This article originally appeared in the Globe and Mail.
By Christian Leuprecht and Shuvaloy Majumdar, July 18, 2022
Canada is in a deep strategic crisis.
In a contest where the democratic world’s economic and political order is under systemic assault by tyrants, Prime Minister Justin Trudeau’s government appears to be dispensing with natural Canadian strengths that would change the geopolitical equation.
Ottawa claims to be defending the rules-based international order, and yet, confronted by the Kremlin and Beijing, it is doing the opposite – it is undermining it.

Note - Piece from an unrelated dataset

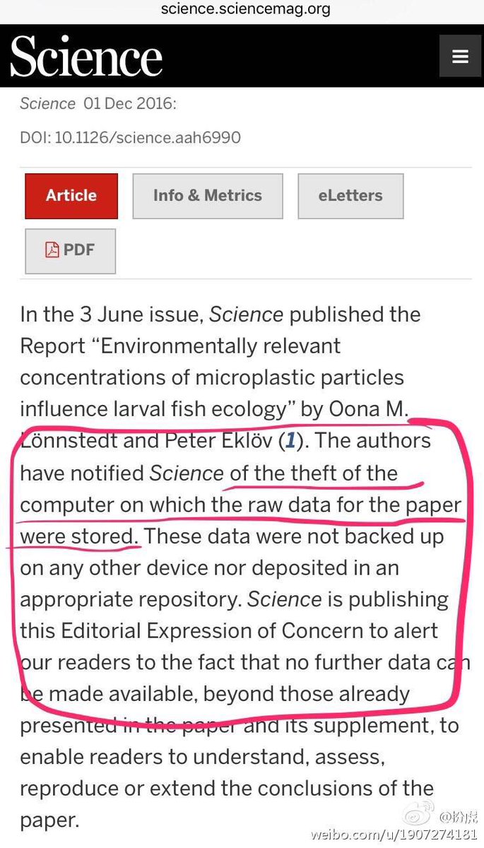 方舟子 ?@fangshimin Dec 3 美国《科学》发表编辑关注说,有一篇论文的原始数据放在笔记本电脑里,该电脑被盗,数据没有备份,不能提供该论文的原始数据。韩春雨得到启发了没有?https://pbs.twimg.com/media/CyzyZL4UQAASkfR.jpg

The Trudeau government’s decisions are helping bolster the democratic world’s authoritarian rivals.
European allies have asked for more from Canada in the fight for Ukrainian sovereignty: more money, more weapons, more support for Ukrainian soldiers, more jet fighters, more frigates and more liquefied natural gas (LNG). At the recent NATO and G7 summits, allies committed 500 artillery systems, 600 tanks, and hundreds of thousands of rounds of ammunition.
Mr. Trudeau served up a predictable diet of platitudes: He announced Canada’s intent to co-host an “innovation hub” and a “centre of excellence on climate security,” failing to produce concrete deliverables on defense, energy and agricultural security that the world needs now. Instead of promising to leverage Canadian strengths to privilege European energy resilience, the Trudeau government is enabling Russia’s energy blackmail.

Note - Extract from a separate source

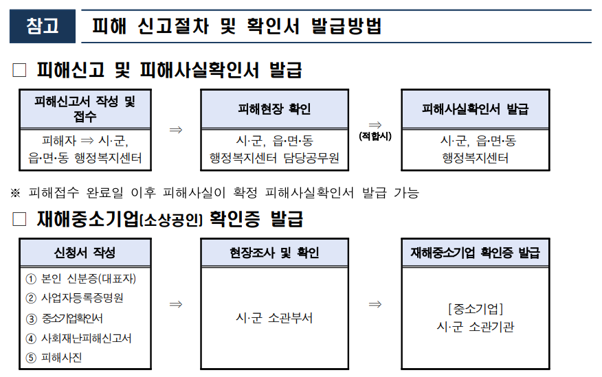신속한 신고와 재해피해사실확인서 발급이 가장 중요합니다.

Meanwhile, Russian President Vladimir Putin is playing for time. As the invasion of Ukraine enters a protracted phase, Russia has been leveraging its ability to scale both personnel and materiel. Ukraine, running low on ordinance and fuel, is now wholly reliant on Euro-Atlantic support to keep it in the fight. Mr. Putin seems to be banking on war fatigue and Western fracture to occur long before Russia’s capacity to weather hardship wanes. And he appears bent on stoking chaos by weaponizing the global food supply, burning and blockading Ukrainian grain so it cannot reach fragile markets.
Mr. Putin has also spent years choreographing German dependency on Russian oil and gas, now exploiting that to shake down Europe. He intervened in Syria and Libya to subvert pipelines that would supply Europe; conducted a corrupt and expansive elite-capture campaign across Europe; and amplified misinformation against Canadian hydrocarbons. This has all ensured a steady stream of revenue to Russia – nearly $1-billion a day, including more than $250-million a day from Germany alone – to fund Mr. Putin’s brutal war across Ukraine.
Canada is the sole NATO ally with the potential to backfill European energy demand, with $3-trillion worth in natural resources, the world’s fourth-largest oil reserves, NATO’s third-largest reserves of natural gas and the capacity to scale agricultural products and technologies for the world.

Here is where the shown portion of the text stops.